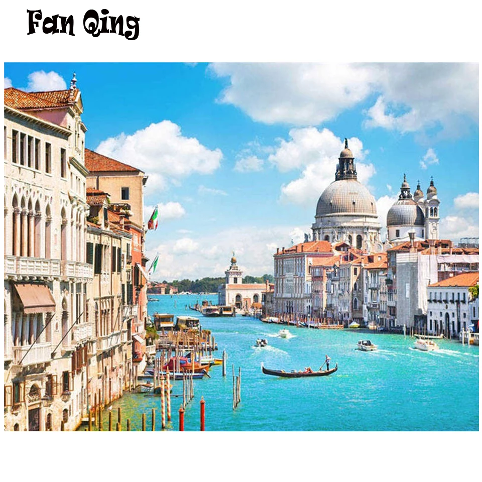 5D алмазная живопись венецианскими водными пейзажами, Алмазная мозаика, вышивка крестиком, квадратныекруглые стразы, домашний декор, картина
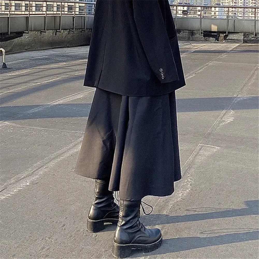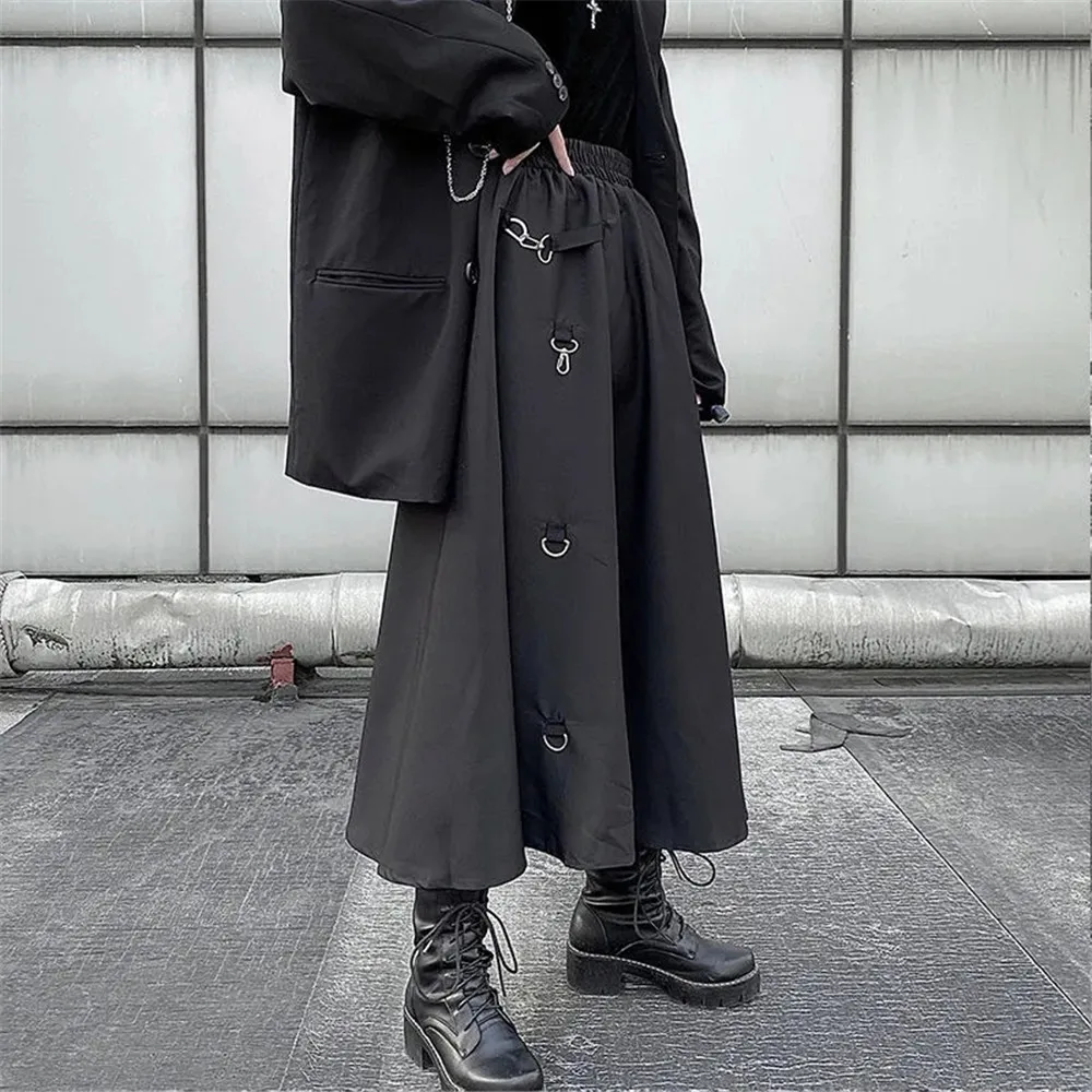Юбка-карго Женская свободного покроя в стиле хип-хоп, повседневная Готическая длинная темная юбка в стиле панк, с эластичным завышенным поясом, Корейская уличная одежда, черный цвет, 2021
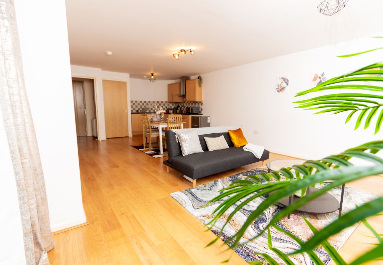 The apartment has a comfortable living area which is perfect for kicking back in and relaxing on the sofa whilst watching your favourite shows on the flat-screen smart TV.

------------------------------------------------------------

▶ PROBLEM TO SOLVE
Reproduce the listing exactly, minus its pictures.

▶ EXERCISE ANSWER
 5D алмазная живопись венецианскими водными пейзажами, Алмазная мозаика, вышивка крестиком, квадратныекруглые стразы, домашний декор, картина
Юбка-карго Женская свободного покроя в стиле хип-хоп, повседневная Готическая длинная темная юбка в стиле панк, с эластичным завышенным поясом, Корейская уличная одежда, черный цвет, 2021
 The apartment has a comfortable living area which is perfect for kicking back in and relaxing on the sofa whilst watching your favourite shows on the flat-screen smart TV.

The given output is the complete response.